▶ **AIM OF THE EXERCISE**
Where the string "kering" occurs in a line of the entries below, copy that line.

[Saved entries]
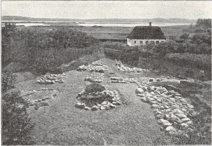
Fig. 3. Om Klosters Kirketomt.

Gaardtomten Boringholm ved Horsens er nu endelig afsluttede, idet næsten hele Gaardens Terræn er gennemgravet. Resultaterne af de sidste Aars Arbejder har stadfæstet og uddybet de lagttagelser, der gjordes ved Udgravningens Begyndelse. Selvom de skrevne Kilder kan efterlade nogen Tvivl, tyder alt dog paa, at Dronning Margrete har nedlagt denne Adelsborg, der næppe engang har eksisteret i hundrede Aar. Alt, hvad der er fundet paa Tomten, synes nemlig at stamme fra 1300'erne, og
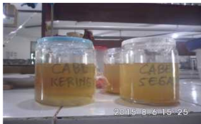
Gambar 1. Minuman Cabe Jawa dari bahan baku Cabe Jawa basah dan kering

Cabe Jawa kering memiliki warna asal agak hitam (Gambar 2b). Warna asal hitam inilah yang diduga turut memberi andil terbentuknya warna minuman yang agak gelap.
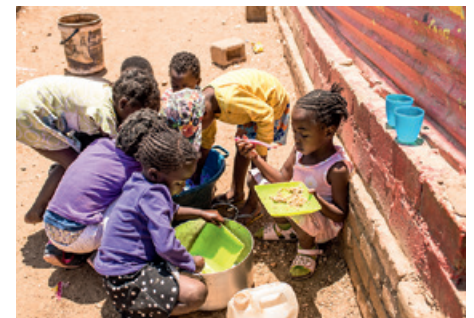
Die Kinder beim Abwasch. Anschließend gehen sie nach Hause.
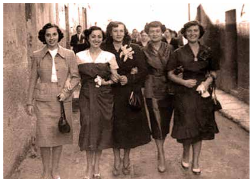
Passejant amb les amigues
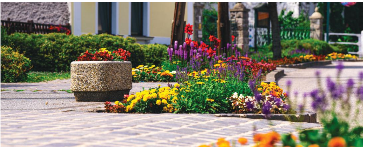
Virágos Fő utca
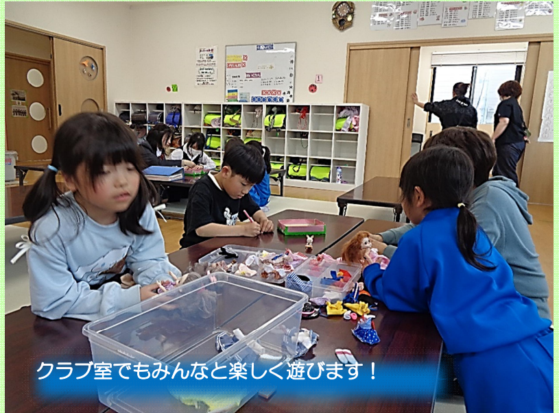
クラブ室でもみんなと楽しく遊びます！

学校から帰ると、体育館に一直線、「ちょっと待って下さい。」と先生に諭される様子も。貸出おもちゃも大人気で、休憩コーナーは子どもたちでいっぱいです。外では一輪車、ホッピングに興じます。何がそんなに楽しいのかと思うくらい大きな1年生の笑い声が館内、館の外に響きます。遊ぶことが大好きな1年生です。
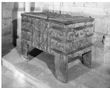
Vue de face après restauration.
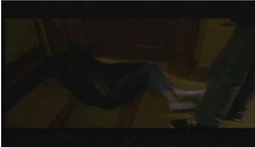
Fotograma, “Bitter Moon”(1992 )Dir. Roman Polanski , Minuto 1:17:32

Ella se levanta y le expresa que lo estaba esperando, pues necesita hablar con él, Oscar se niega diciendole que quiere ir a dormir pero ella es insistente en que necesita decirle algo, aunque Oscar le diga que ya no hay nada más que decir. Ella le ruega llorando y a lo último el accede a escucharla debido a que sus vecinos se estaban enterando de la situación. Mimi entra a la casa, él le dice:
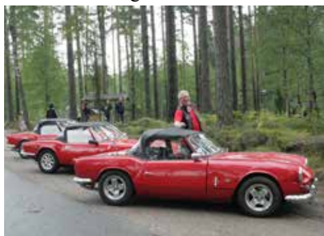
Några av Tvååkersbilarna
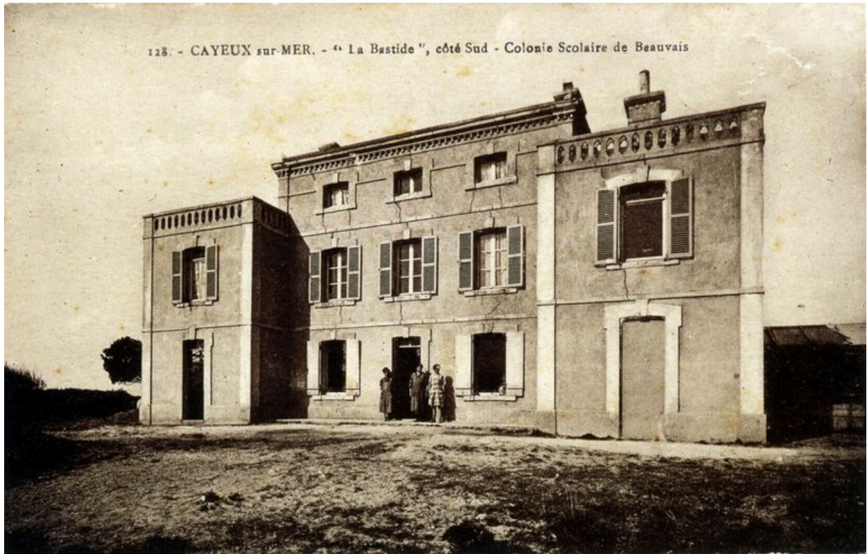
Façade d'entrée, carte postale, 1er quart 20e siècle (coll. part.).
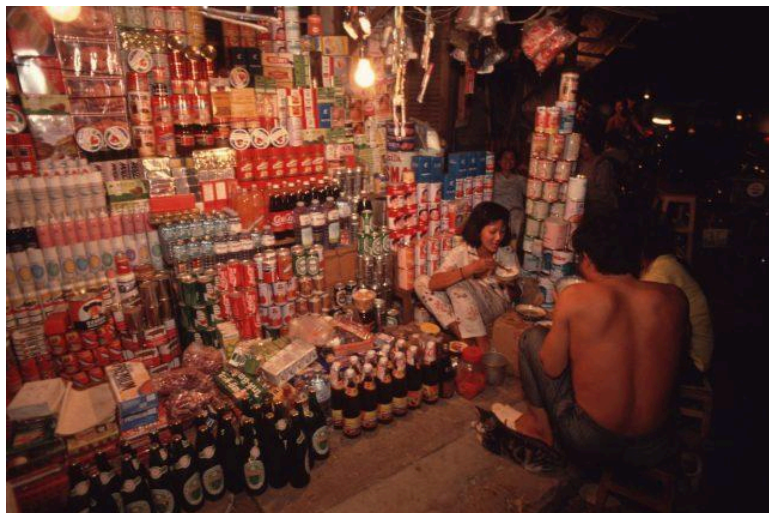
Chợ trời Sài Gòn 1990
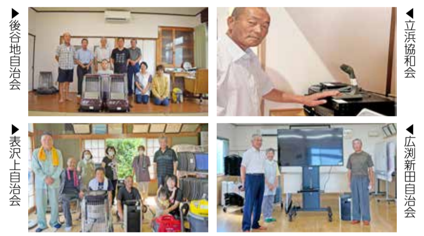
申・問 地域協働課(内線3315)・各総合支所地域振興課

▶ **OUTPUT OF THE TASK**
Gambar 1. Minuman Cabe Jawa dari bahan baku Cabe Jawa basah dan kering
Cabe Jawa kering memiliki warna asal agak hitam (Gambar 2b). Warna asal hitam inilah yang diduga turut memberi andil terbentuknya warna minuman yang agak gelap.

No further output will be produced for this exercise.